Quitter and proud
I quit my job.
My well paid job with flexible working hours, close to home, close to training, valued team member, blah-di-blah-di-blah.
I hated it.
Really hated it. My dentist warned me I had worn my eye teeth flat from clenching them so tightly. I would get tension headaches from my knotted traps and and neck. The massage lady at the local Miracle Massage commented without fail on how tight my jaw was. Which was of no surprise given the countless afternoons I spent in the office gaping like a goldfish to try and relieve excruciating tension pain through my face.
I also spent many an afternoon resisting the urge to headbutt my monitor to try and ameliorate the simmering frustration I felt day in day out.
It wasn’t my dream job, not even close. It would be very easy to get my hate on and rail against the wasted time and wasted opportunities but I had a choice to be there everyday and I chose to stay because it had a purpose. It had gotten me out of three hours of commuting a day, it gave me some valuable resume experience and it gave me a highly disposable income which gave us a house deposit and an unbelievable Trans-Siberian adventure. It saw me through my Masters degree and an office relocation 18 months ago, serendipitously saw me sitting just a few desks away from a woman who would provide me even better support and feedback than my supervisor as I completed my thesis.
But it had served its purpose and the cons were trampling over the pros in gigantic spiked boots.
So I quit.
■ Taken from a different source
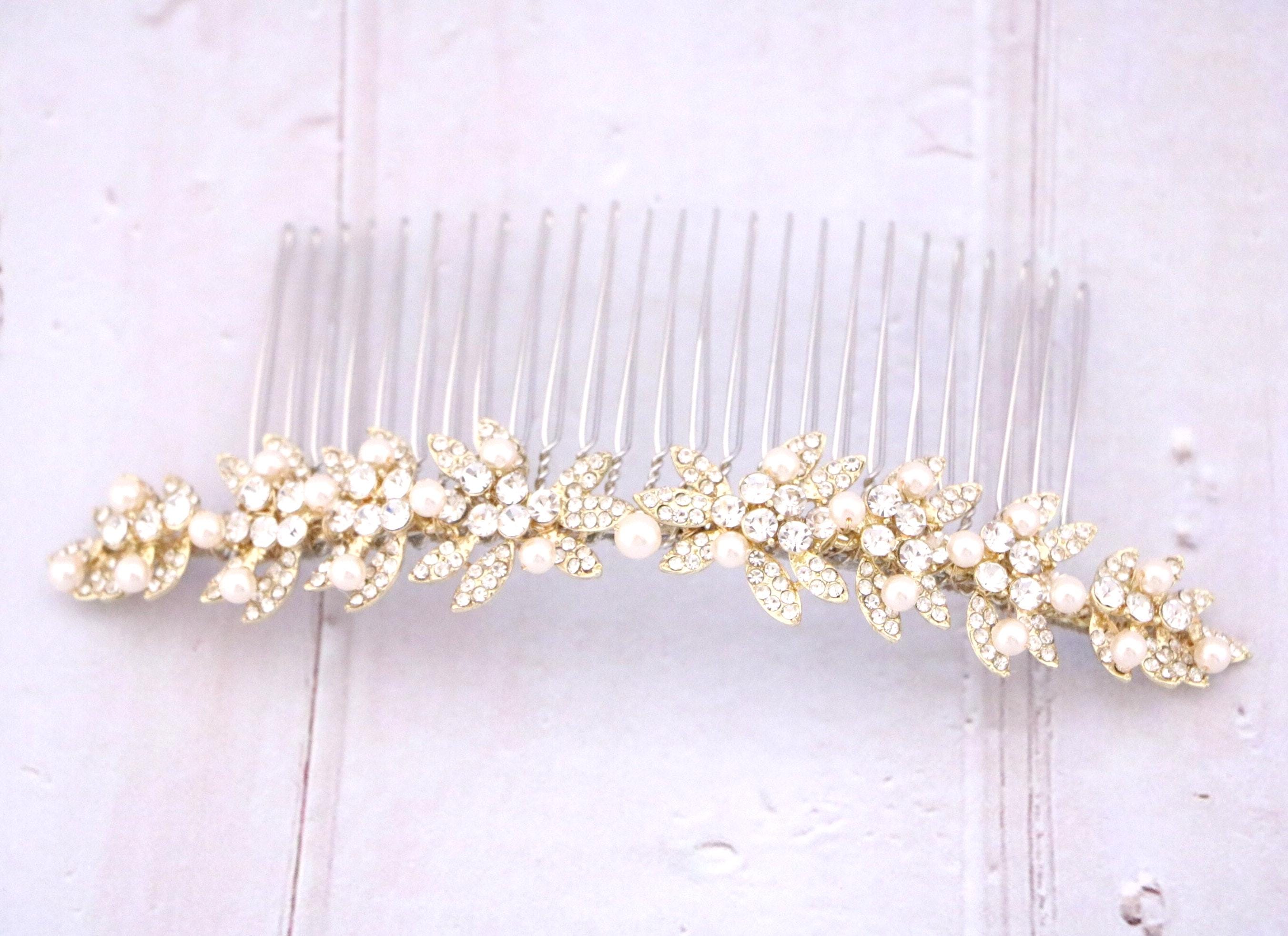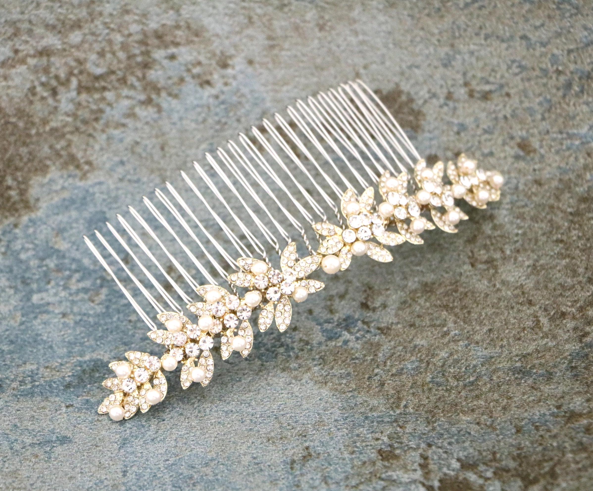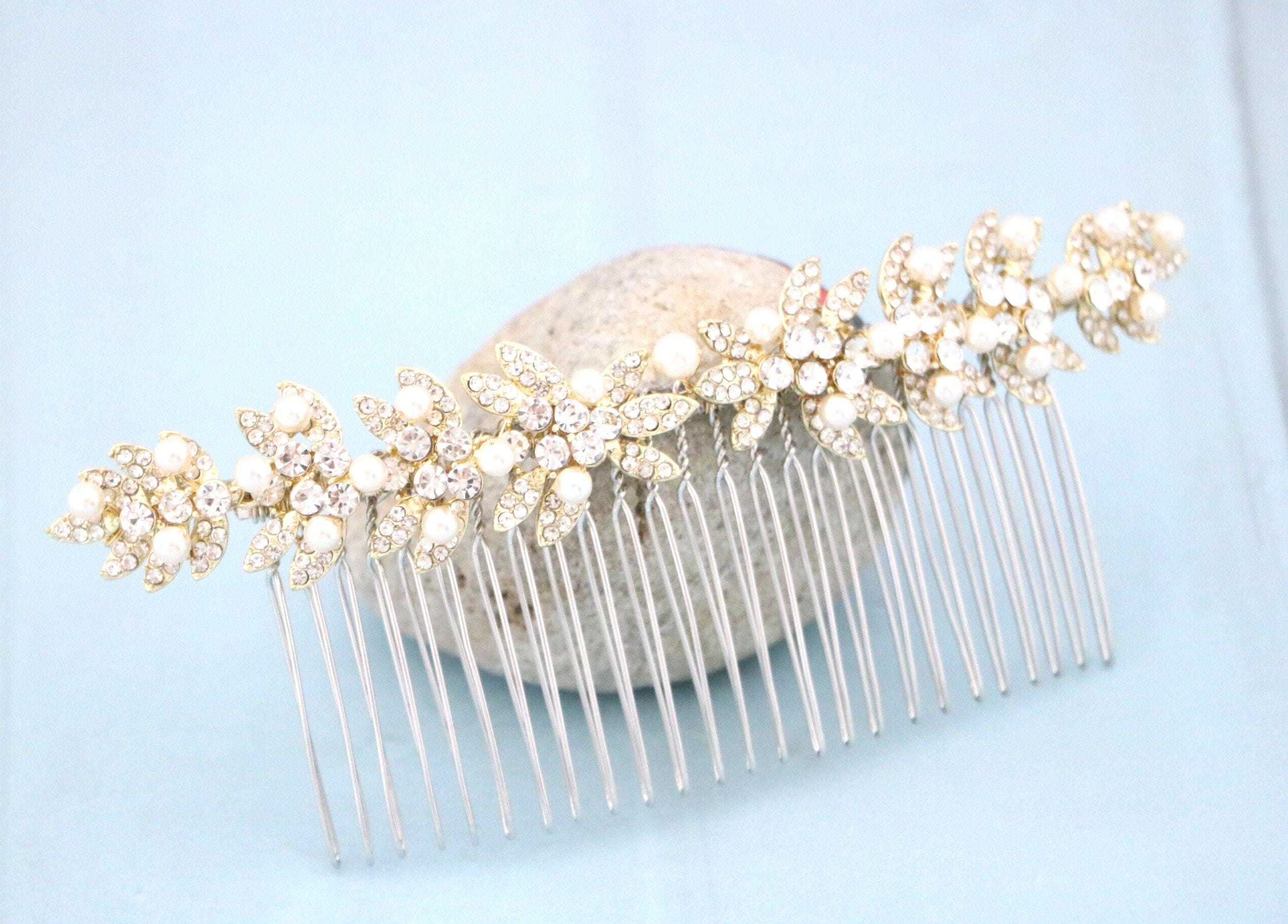 This beautiful Clear rhinestone Swarovski pearl hair comb is a perfect compliment for the wedding party and can easily fit into any hair style.

I came up with a 10 week plan that would allow me to pre-pay some bigger expenses I had coming up over the next six months, and at week six I handed in my four weeks notice. In the intervening four weeks I literally had a skip in my step as I contemplated life outside the office. In a super cheese-ball moment a few hours after I gave notice, I caught myself humming I’m Walking on Sunshine.The most telling sign about how miserable I had been was the incredible happiness I felt the day I resigned and have felt everyday since.
I love my life. I have a very good life but didn’t know it was possible to be so happy in a general sense. Or the converse… although I knew that I hated what I was doing for work, I didn’t realise how heavily it was weighing me down. Since I’ve left, whether I’m having a good day or a bad, whether I am motivated or procrastinating, my underlying feeling is that of contentment. It feels much nicer than having your life underscored by feelings of frustration, dread and dissatisfaction.
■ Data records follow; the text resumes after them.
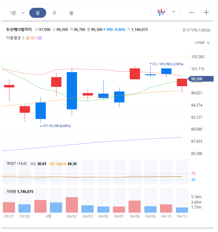1) 2026-04-13 종가 99,300원, 52주 밴드 0.86 구간입니다.
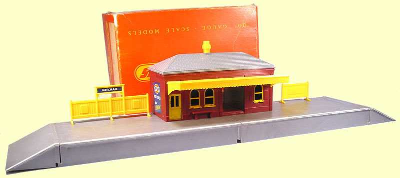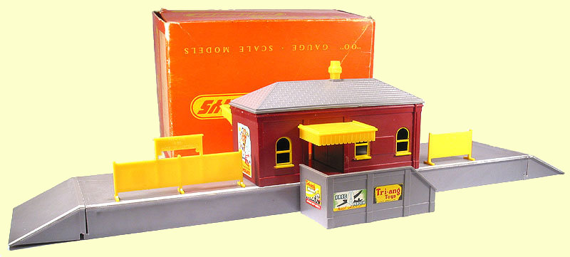 Based on the UK made R80 small station set, this set was introduced in 1960 using all Australian made parts and was withdrawn in 1962 with the introduction of Super 4 track. Unlike the UK set, it included the station name boards and had a different platform shape. This particular one has been named Mitcham, using the printed sheet of names supplied with the R68 nameboards.
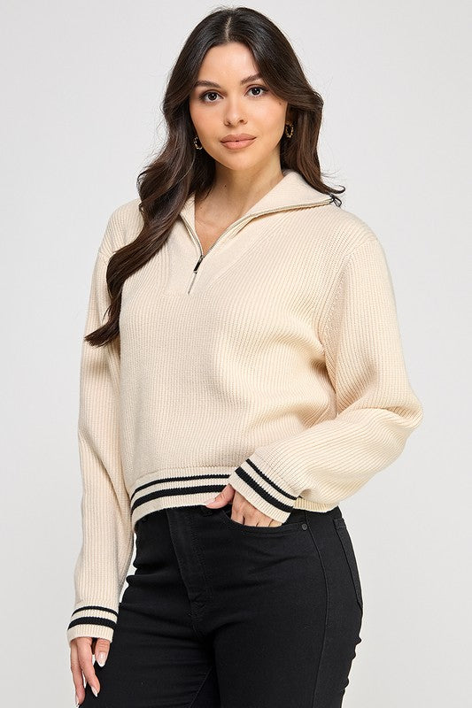 Half Zipper, Collard Pull Over Sweater, Banded Sleeves and Banded Waist.

Although everyone I spoke to was overwhelmingly supportive, leaving your job without anything else lined up still raises the question, why? Why now? Why not wait? Why not get something else first? The simple answer, the job was a trap.
I gave this answer fully aware that it may sound like the epitome of Gen Y self-entitlement but it was the simplest one and it was true. Good money and convenience is a hard thing to pull yourself away from. In relative comfort it is easy to convince yourself that you can wait and that everything you want can be shaped in the background ready for you to make the seamless transition from day job to dream job.
This was not going to happen for me. I can always go back to a job if money becomes the priority but for now I’d rather make what I can doing what I love and build a genuinely satisfying life around that. I want to pour my energy into my own pursuits.
Jim Carrey gave some sage advice in a graduation speech that did the social media rounds recently and the key message was this; you can fail doing something you hate so you might as well pursue something you love.

One Response to “Quitter and proud”
Fantastic post! Couldn’t agree more! You need to be happy first and foremost and when you are miserable at work it makes everything worse.
You are so talented and I know you will succeed with anything you do!